Свенсон легко опустил курок и сунул пистолет себе в карман, потом поднял лестницу и посмотрел наверх — где там лаз на чердак. Заметил он этот лаз только благодаря задвинутой щеколде (дверца была неотличима от потолка). У лаза была прибита деревянная опора для лестницы, и Свенсон, приставив к ней лестницу, начал осторожно подниматься; темнота облегчала его задачу: он не видел, как высоко поднялся, а следовательно, и с какой высоты может сорваться вниз. Он не отрывал взгляда от дверцы наверху и, наконец протянув руку (сердце у него екнуло оттого, что равновесие теперь приходилось ему поддерживать одной рукой), взялся за щеколду. Он откинул дверцу и чуть не свалился вниз от резкого, ударившего ему в нос запаха. Это инстинктивное движение вниз оказалось очень кстати — иначе он получил бы удар по голове острым каблуком. Мгновение спустя, увидев женщину, размахивающую сапожком, доктор Свенсон, чья нога соскользнула со ступеньки, полетел вниз, но фута через два сумел ухватиться руками за ступеньку (челюсть его при этом ударилась о другую). Он в смятении посмотрел вверх, потирая ушибленное лицо. На него сверху (в руке у нее был сапожок, волосы закрывали лицо) смотрела Элоиза.

— Капитан Блах!

— Они ничего с вами не сделали? — прохрипел он, пытаясь нащупать ногой ступеньку.

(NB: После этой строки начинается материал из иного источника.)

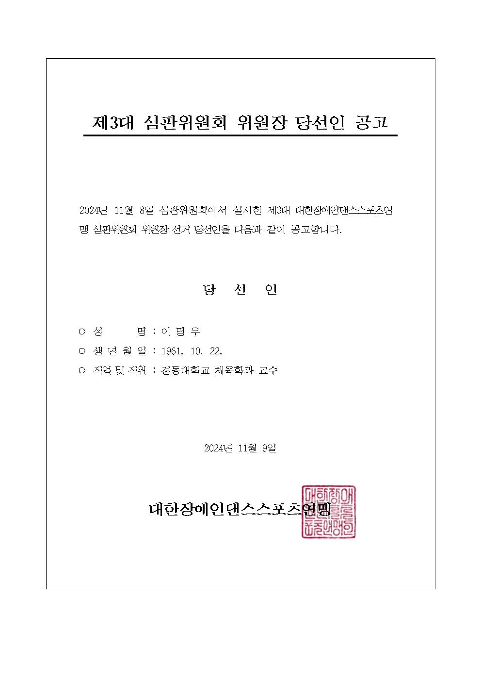 대한장애인댄스스포츠연맹 제3대 심판위원회 위원장 당선인 공고

— Нет-нет, но… — Она посмотрела на что-то невидимое ему. Он увидел, что лицо у нее заплаканное. — Прошу вас… выпустите меня!

Прежде чем он успел возразить, она начала спускаться и чуть не наступила на него. Он переступал со ступеньки на ступеньку, подгоняемый ее движением, чуть не хватая ее за ноги, и спрыгнул на пол лишь чуть раньше ее, едва успев отойти в сторону и предложить ей руку. Она повернулась к нему и, уткнув лицо в его плечо, крепко прижалась к нему, тело ее сотрясалось. Мгновение спустя он обнял ее (робко, не прижимая к себе, но все же с восторгом и удивлением чувствуя, как малы под его руками ее лопатки), дожидаясь, когда спадет волна ее эмоций. Но эмоции ее не спадали, напротив, она начала рыдать, и лишь его шинель заглушала эти звуки. Он поднял глаза, посмотрел в открытую дверцу наверху. Помещение там освещалось не фонарем и не свечкой — свет был бледнее, холоднее и ровнее. Доктор Свенсон, набравшись смелости, погладил волосы женщины и прошептал ей в ухо:

— Теперь все в порядке… с вами все в порядке.

Она отстранилась от него, дыхание у нее перехватило, она всхлипнула, лицо у нее было какое-то помятое. Он серьезно посмотрел ей в глаза.

— Вы можете дышать? Этот запах…

Она кивнула.

— Закутала голову… я… я была вынуждена…

Прежде чем она снова разразилась рыданиями, он показал на лаз:

— Там есть кто-нибудь еще… кому нужна помощь?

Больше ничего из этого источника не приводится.